The VIX Index in an election year

Jay Kaeppel
2024-07-09

Key points

  • The CBOE Volatility Index (VIX) has demonstrated a very persistent pattern during presidential election years
  • One caveat is a small sample size since VIX data goes back to 1985, and election years occur only once every four years
  • Still, the historical pattern from March through November has been remarkably consistent

Historically, lower and/or declining values for the VIX have been associated with higher stock prices. Conversely, higher and/or rising values for the VIX have been associated with lower stock prices.

Suppose the history of VIX action during presidential election years holds this year (although it should be noted that there is absolutely no guarantee that it will). In that case, investors might expect higher prices through August, lower prices during September and October, and a rebound in November. Remember, that is not a prediction; it is simply an application of historical trends to the immediate future.

Let's take a closer look.

VIX during March through August of election years

For our testing, we will look at the raw point change in the VIX Index for each month - or period of months - under consideration. We will start by looking at March through August of election years. In other words, we will measure the net point change in the VIX index from the close on the last trading day of February through the close on the last trading day of August.

The chart below displays the cumulative results of this test.

This period showed a slight increase of 0.77 points in 2004. Likewise, there was the COVID panic-induced spike in March 2020 (which quickly reversed sharply lower after the stock market bottomed). During all other presidential election years, the VIX declined from the end of February through the end of August. We would anticipate this to equate overall to positive stock market performance.
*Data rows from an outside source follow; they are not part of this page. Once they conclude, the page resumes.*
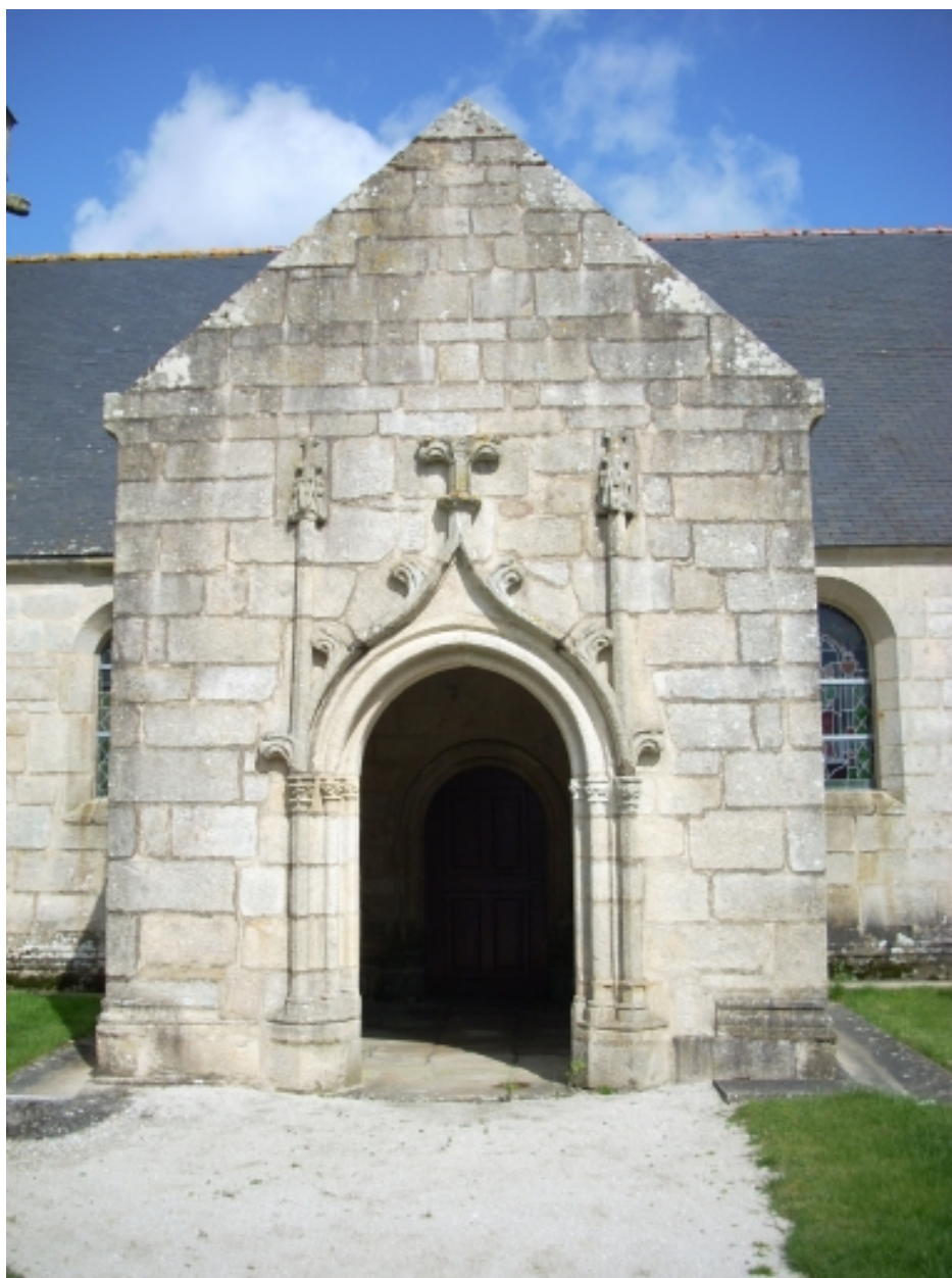
Langolen, église paroissiale Saint-Gunthiern : porche sud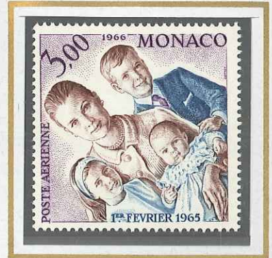
3 F PRINCESSE STÉPHANIE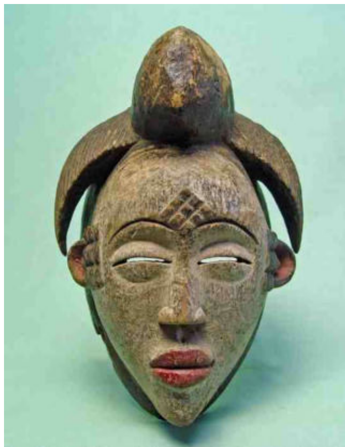
afb 14 - Punu masker met kaolin - h 28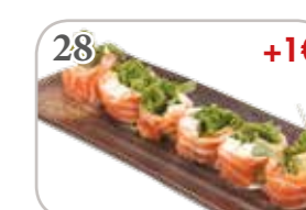
28 Fresh rolls roquette (6 pièces) +1€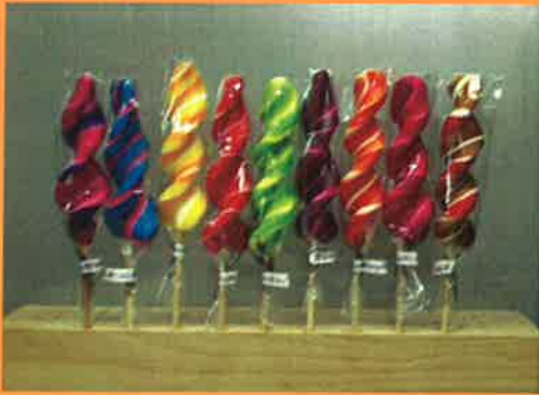
3692 H 21cm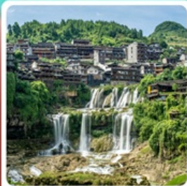
ฟูหลงเจิน

• ไฮโล่ อุกยานเทียนเหมินซาน ชมประตูสวรรค์ หุบเขาอวตาร หมู่บ้านโบราณฟูหลงเจิน และเฟื่องหวง ล่องเรือทะเลสาบเป่าเฟื่องหู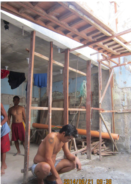
A l'arrière, une salle de réunion avec à l'étage une chambre d'accueil et une petite cuisine

Fin mai 2014, nous avons lancé de gros travaux de rénovation de la maison des étudiants boursiers. Dans une première phase, il s'agissait de changer tous les châssis, entièrement rouillés, d'aménager des armoires de rangement des affaires personnelles des jeunes, d'ajouter une salle de bain, de percer des nouvelles fenêtres pour faciliter la ventilation et de relever le rez-de-chaussée qui risque d'être inondé lors des typhons. Une petite salle d'étude sera inaugurée car jusqu'à aujourd'hui, les jeunes étudiaient par terre ou assis sur un banc.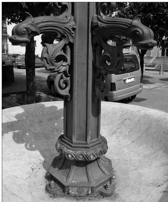
Idrija, t. i. Korletov vodnjak, izrez.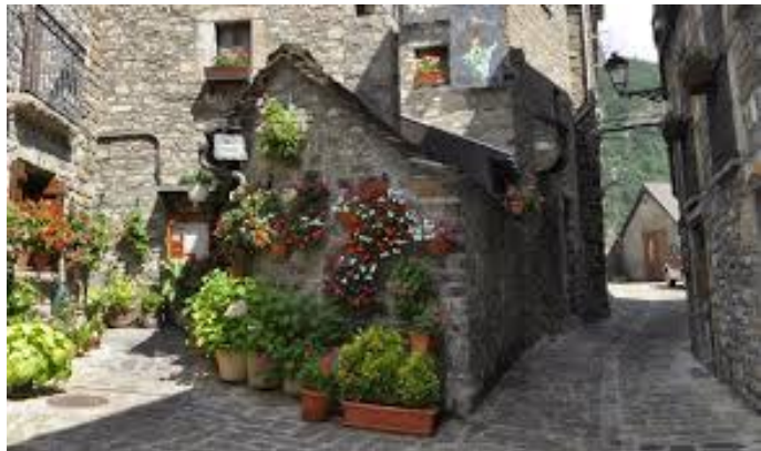
Imatge 8.Racó de Torla.

Les pràctiques dels veïns locals resulten condicionades per la demanda dels visitants urbans que són el que busquen poder fer aquest trànsit pels carrers fent servir les càmeres i poder representar la bellesa del seu viatge. El màrqueting turístic exerceix una forta pressió que provoca un notable impacte sobre les percepcions del territori i les pràctiques locals (Vacarro i Beltran, 2014).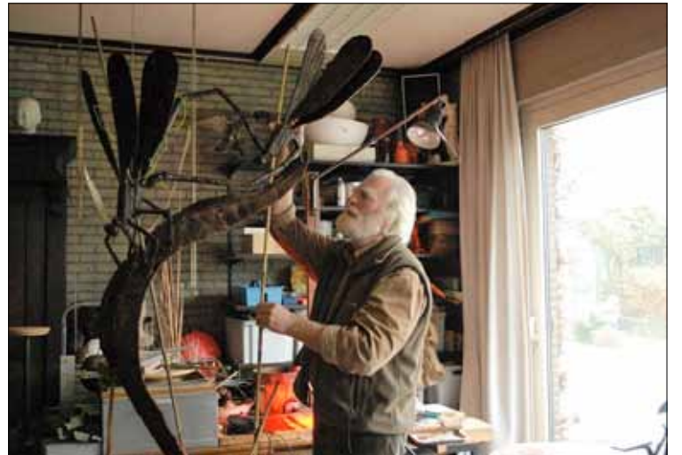
In Timmers' tuin wandelen de Emmaüs-gangers tussen bronzen dieren, zoals de libellen waar de kunstenaar nu aan werkt.

mensen naar boven te trekken. „Sommigen kunnen zijn hand aanraken, terwijl anderen niet zo hoog geraken of te zelfgenoegzaam zijn om omhoog te kijken”, legt hij uit. „Het kruis reikt ech-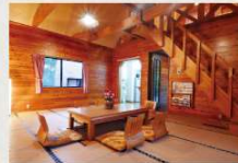
和室タイプ 7名様定員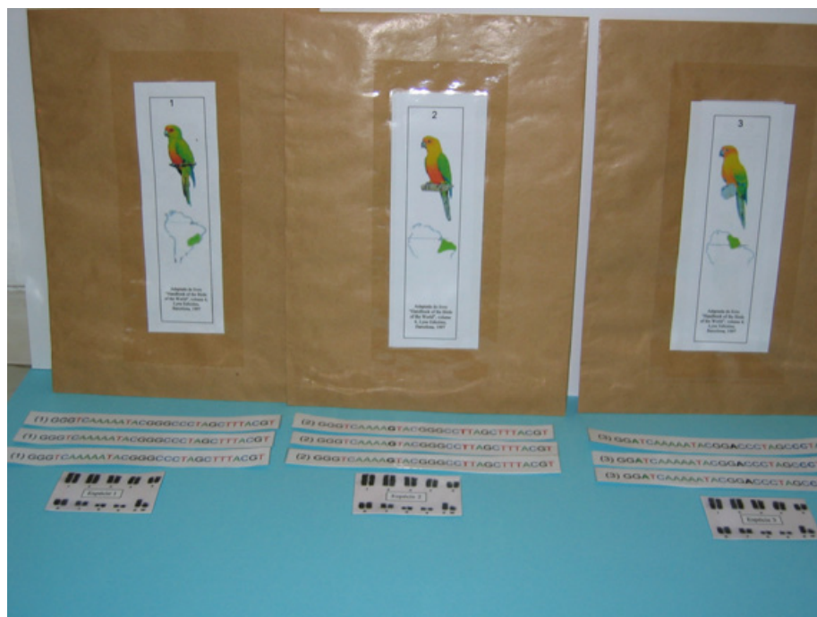
Figura 4. Foto ilustrativa dos três envelopes com os periquitos e a distribuição geográfica colados externamente no envelope, e os respectivos cariótipos e sequências do DNA que deverão ser colocadas dentro de cada envelope.

The chart below displays the growth of $1 invested in the S&P 500 Index only during the months of March through August of election years since 1920.

VIX during September and October of election years

For this test, we will measure the net point change in the VIX index from the close on the last trading day of August through the close on the last trading day of October.

The chart below displays the cumulative results of this test.

Starting in 1988, all nine "September/October of election year" periods have seen VIX increase.

We would anticipate this to equate to subpar stock market performance overall. The chart below displays the growth of $1 invested in the S&P 500 Index only during the months of September and October of election years since 1920.

VIX during November of election years

For this test, we will measure the net point change in the VIX index from the close on the last trading day of October through the close on the last trading day of November.

The chart below displays the cumulative results of this test.

November 2000 saw the VIX Index gain +6.93 points, and there was a short-lived spike in November 2008. However, all other "November of election years" have seen the VIX Index decline in value. Historically, November of election years have been something of a "reversal" month for stocks. So we would anticipate this to equate overall to positive stock market performance for the November and December period of election years. The chart below displays the growth of $1 invested in the S&P 500 Index only during the months of November and December of election years since 1920.

Putting the results together

The table below displays the VIX Index performance on a period-by-period basis for each election year starting in 1988. The 2024 March through August value is updated through 2024-07-08.

March through August and November have only seen one election year, which bucked the lower VIX trend. So far, every election year (since VIX was first calculated) has seen volatility rise by some degree during September and November.

What the research tells us…

The VIX Index has demonstrated a history of weakness from March through August and again in November. It also has shown a tendency to "spike" during October. So far in 2024, the March through August period has witnessed a decline of just a fraction of a point with a little over a month and a half to go, so it could still buck the "lower during March through August" trend. Will the VIX spike during September and October? There is no way to predict, and there is no guarantee. But given the history, it certainly makes sense to have a contingency plan if volatility does pick up significantly during that time. However, even if volatility does spike in the months ahead, investors should anticipate that any sharp rise in volatility will be short-lived and could be unwound during November.

There is no guarantee that the history of stock market performance shown above (higher March through August, and during November and December and lower during September and October) will continue this year. But it does appear to be a pattern worth watching.